┌──
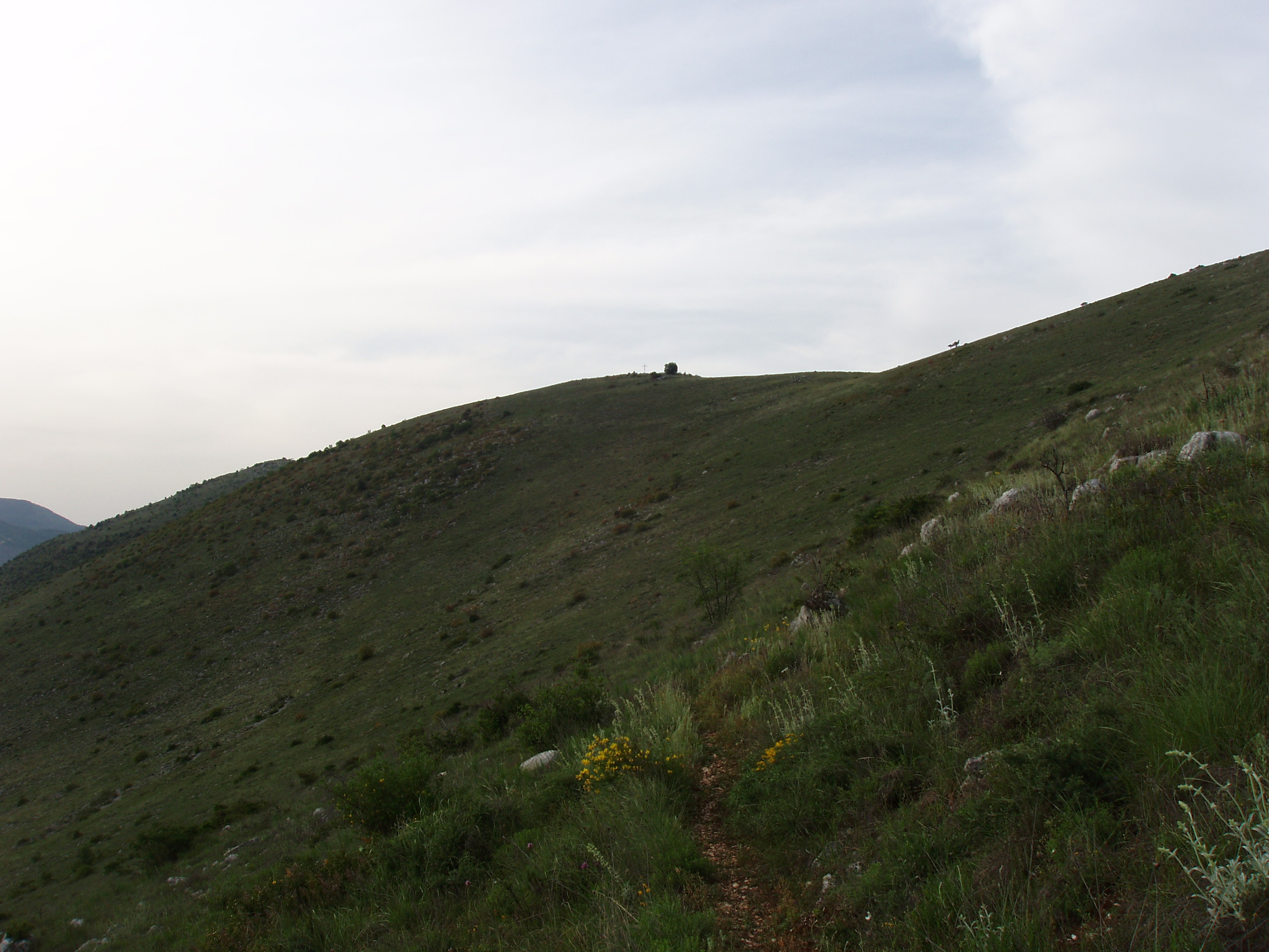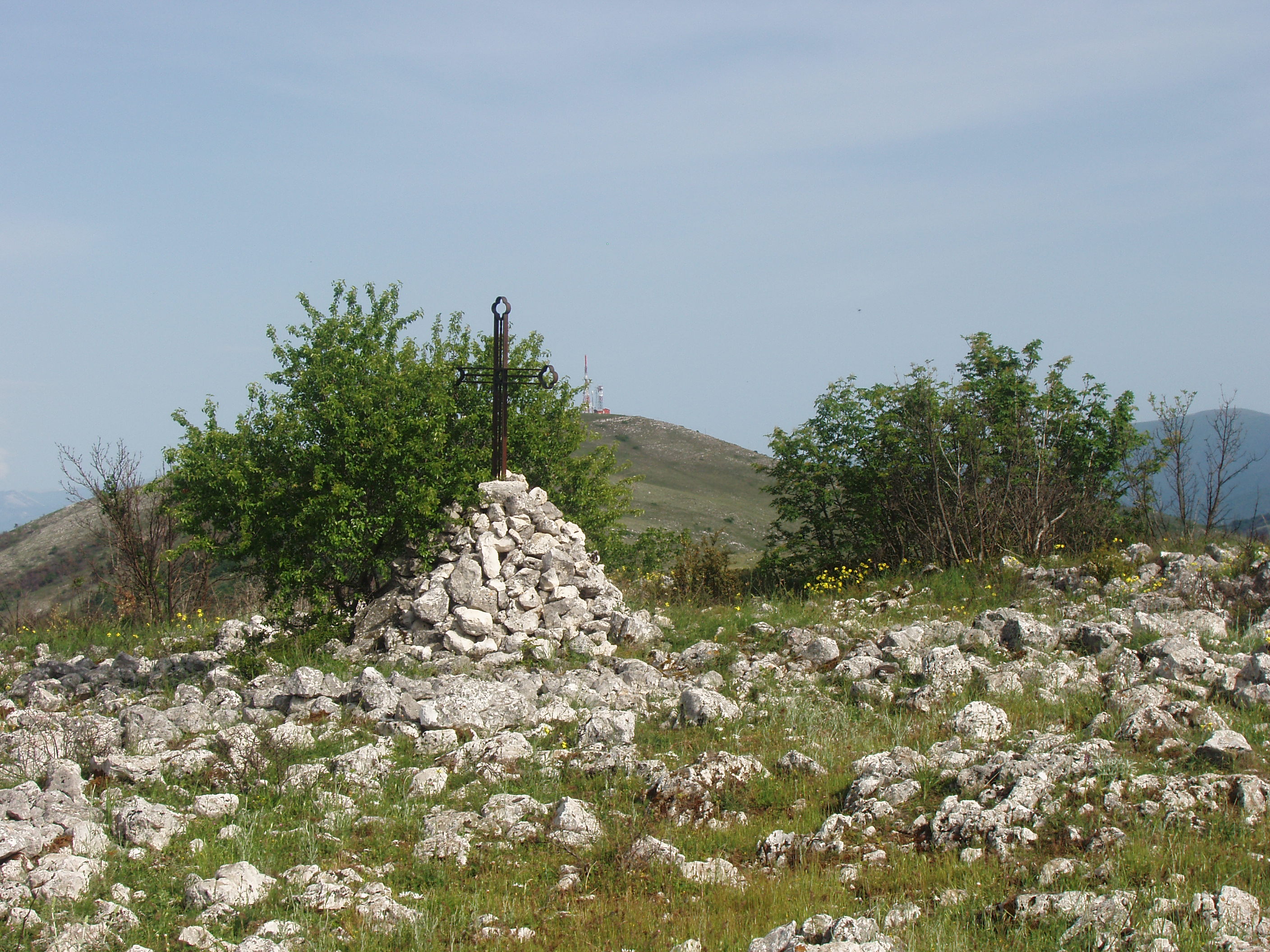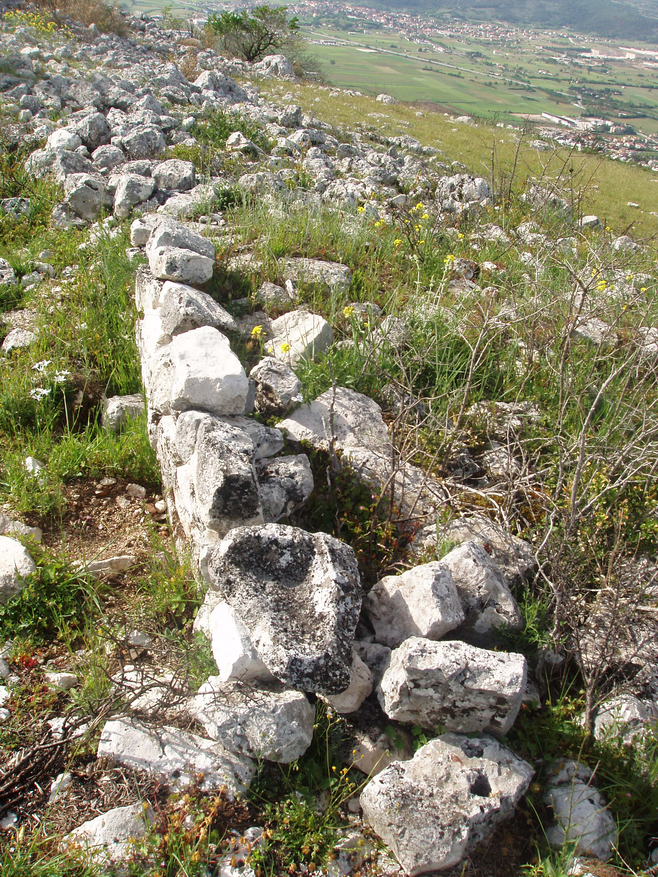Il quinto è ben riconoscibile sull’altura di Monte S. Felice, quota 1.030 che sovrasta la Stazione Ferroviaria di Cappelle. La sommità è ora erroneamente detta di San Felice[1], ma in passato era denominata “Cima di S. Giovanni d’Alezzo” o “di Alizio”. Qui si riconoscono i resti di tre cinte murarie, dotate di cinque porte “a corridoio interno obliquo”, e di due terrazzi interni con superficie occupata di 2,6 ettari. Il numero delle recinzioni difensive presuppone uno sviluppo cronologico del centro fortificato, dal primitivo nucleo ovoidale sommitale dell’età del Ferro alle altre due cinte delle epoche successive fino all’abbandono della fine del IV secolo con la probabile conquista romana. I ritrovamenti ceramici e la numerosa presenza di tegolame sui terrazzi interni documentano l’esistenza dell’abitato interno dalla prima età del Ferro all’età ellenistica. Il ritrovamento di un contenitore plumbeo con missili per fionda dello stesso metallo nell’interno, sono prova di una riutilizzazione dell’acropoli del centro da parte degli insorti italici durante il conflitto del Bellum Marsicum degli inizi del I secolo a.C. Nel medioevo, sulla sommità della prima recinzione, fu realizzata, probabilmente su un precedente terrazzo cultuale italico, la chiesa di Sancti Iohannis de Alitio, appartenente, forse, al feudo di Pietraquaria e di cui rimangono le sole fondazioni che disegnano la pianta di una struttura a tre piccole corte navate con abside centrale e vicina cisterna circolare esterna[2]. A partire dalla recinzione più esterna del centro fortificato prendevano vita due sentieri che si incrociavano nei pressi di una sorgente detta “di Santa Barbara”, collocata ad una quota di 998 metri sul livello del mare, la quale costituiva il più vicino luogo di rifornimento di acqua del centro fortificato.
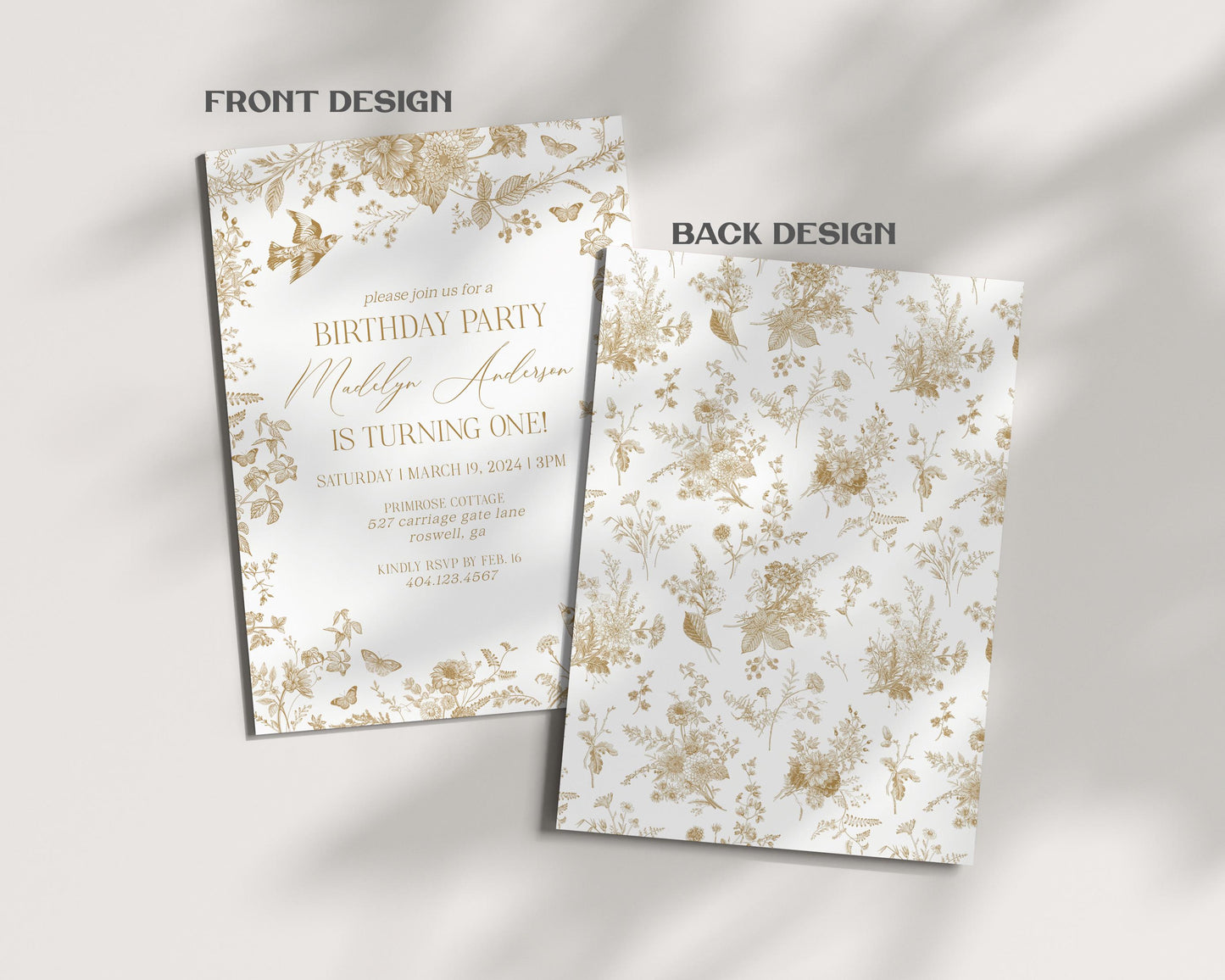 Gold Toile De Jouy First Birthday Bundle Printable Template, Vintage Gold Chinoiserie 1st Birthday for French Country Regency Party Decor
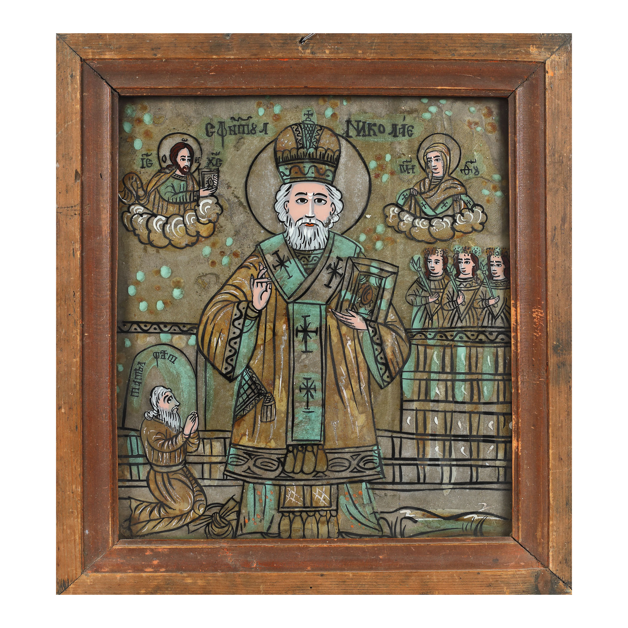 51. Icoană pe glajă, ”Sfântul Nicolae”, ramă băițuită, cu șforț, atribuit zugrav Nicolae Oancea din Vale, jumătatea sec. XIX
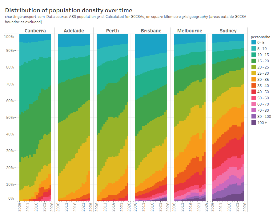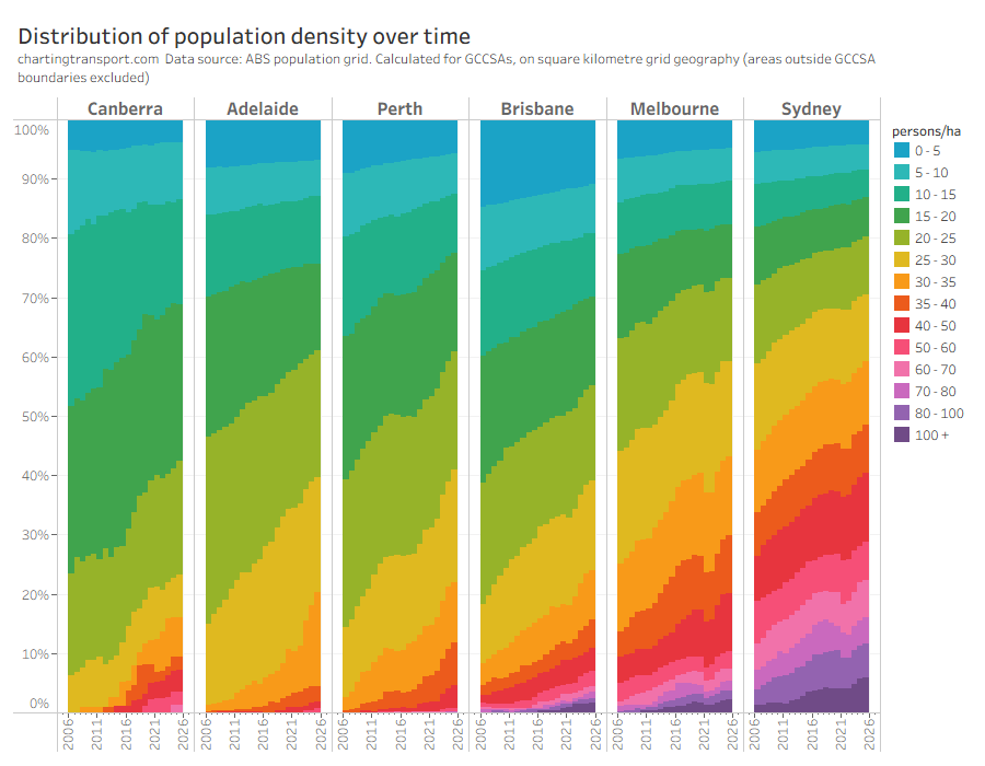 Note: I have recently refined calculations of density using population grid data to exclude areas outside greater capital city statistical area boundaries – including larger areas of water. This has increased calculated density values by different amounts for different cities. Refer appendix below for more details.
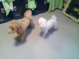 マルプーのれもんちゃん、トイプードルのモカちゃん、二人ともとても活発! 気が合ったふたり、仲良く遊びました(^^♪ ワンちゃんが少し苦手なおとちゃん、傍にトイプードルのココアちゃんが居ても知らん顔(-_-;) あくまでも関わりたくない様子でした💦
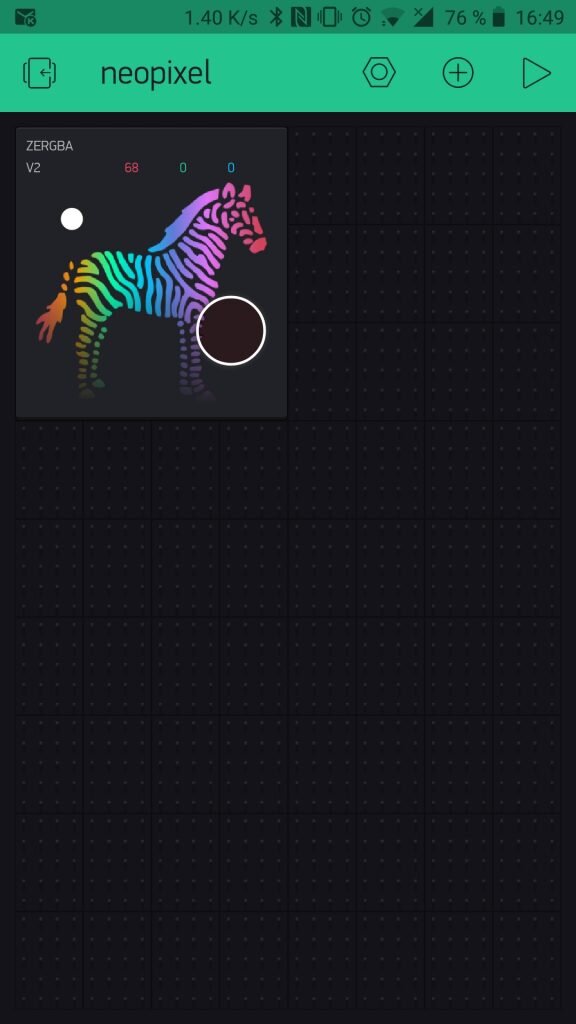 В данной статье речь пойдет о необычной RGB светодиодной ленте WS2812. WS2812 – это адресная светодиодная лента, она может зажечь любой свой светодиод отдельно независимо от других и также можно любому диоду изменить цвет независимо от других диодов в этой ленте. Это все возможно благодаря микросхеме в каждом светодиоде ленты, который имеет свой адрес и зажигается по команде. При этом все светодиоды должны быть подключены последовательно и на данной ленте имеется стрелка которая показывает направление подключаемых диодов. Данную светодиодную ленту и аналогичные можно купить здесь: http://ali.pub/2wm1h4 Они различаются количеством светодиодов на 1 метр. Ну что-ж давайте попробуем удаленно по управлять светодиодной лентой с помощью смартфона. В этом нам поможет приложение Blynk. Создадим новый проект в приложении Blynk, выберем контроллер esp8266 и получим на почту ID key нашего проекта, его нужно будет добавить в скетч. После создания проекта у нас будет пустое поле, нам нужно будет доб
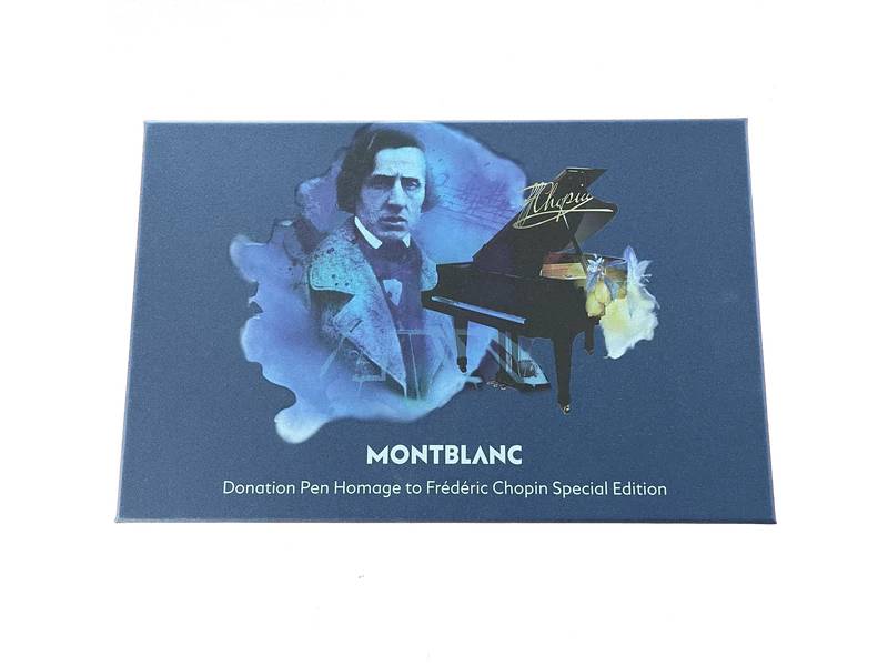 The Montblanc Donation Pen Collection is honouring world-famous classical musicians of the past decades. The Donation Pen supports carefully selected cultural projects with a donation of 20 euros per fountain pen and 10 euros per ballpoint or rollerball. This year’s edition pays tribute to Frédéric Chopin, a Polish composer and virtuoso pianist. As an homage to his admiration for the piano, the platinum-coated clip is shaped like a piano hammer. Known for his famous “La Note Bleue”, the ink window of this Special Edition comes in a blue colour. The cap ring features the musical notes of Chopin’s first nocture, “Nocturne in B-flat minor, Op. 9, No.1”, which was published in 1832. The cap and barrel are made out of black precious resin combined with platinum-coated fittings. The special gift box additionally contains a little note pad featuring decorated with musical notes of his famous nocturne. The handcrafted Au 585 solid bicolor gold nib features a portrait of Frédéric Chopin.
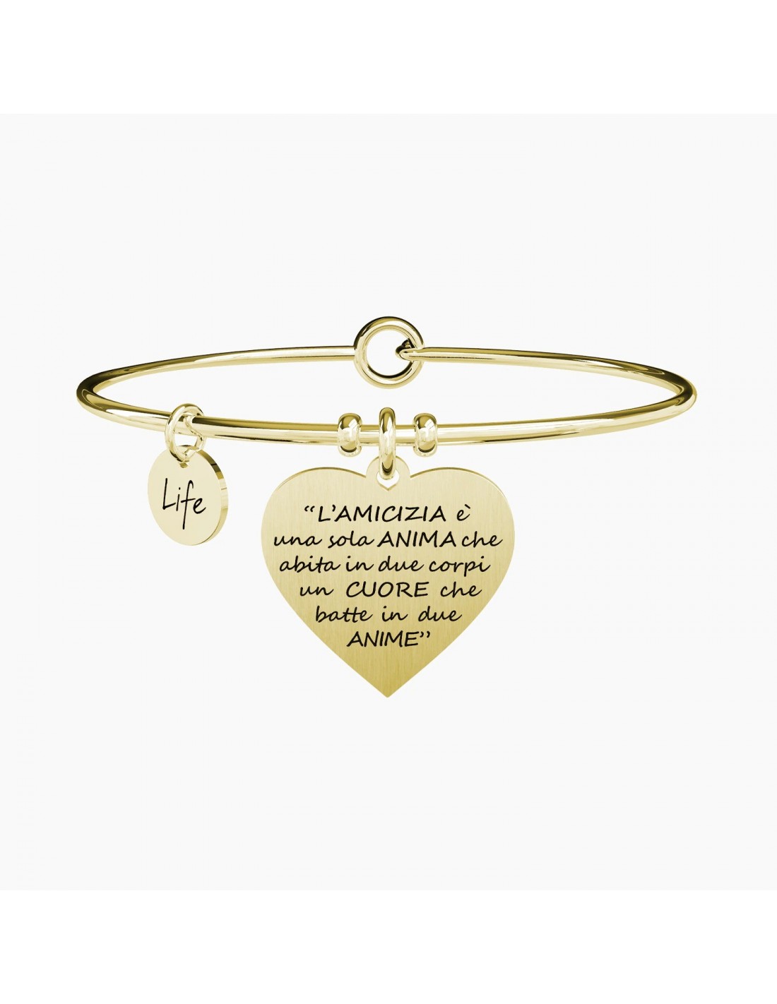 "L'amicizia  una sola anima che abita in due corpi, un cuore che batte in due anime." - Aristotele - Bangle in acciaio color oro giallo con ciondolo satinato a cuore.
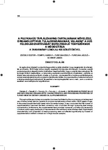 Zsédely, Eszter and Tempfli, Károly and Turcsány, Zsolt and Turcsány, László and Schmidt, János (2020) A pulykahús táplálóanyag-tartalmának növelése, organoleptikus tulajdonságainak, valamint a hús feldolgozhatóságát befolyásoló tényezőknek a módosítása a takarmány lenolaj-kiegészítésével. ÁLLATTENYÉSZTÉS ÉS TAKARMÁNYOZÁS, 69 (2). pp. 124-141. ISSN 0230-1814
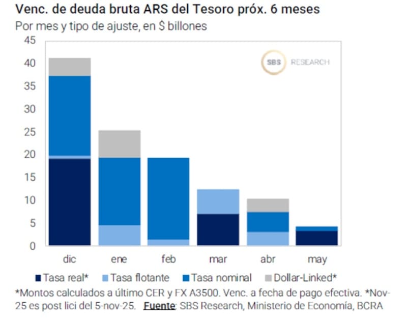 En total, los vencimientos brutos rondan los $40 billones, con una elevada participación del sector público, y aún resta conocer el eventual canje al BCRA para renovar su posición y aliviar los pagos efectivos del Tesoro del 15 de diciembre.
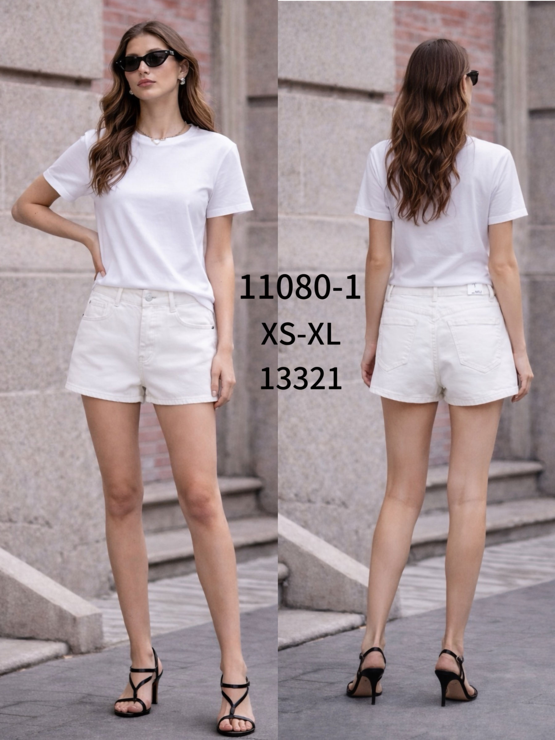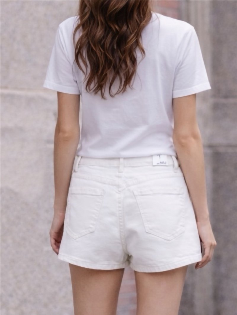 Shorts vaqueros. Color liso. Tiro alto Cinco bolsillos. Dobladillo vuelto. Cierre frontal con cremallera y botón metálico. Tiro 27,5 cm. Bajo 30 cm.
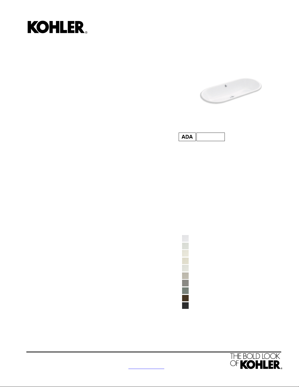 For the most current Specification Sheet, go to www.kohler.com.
└──
* PROBLEM DESCRIPTION
From the line that contains "En total, los" through the last line of the listing, copy each line exactly; both end lines stay in, and pictures stay out.

* RESULT OF THIS EXERCISE
 En total, los vencimientos brutos rondan los $40 billones, con una elevada participación del sector público, y aún resta conocer el eventual canje al BCRA para renovar su posición y aliviar los pagos efectivos del Tesoro del 15 de diciembre.
 Shorts vaqueros. Color liso. Tiro alto Cinco bolsillos. Dobladillo vuelto. Cierre frontal con cremallera y botón metálico. Tiro 27,5 cm. Bajo 30 cm.
 For the most current Specification Sheet, go to www.kohler.com.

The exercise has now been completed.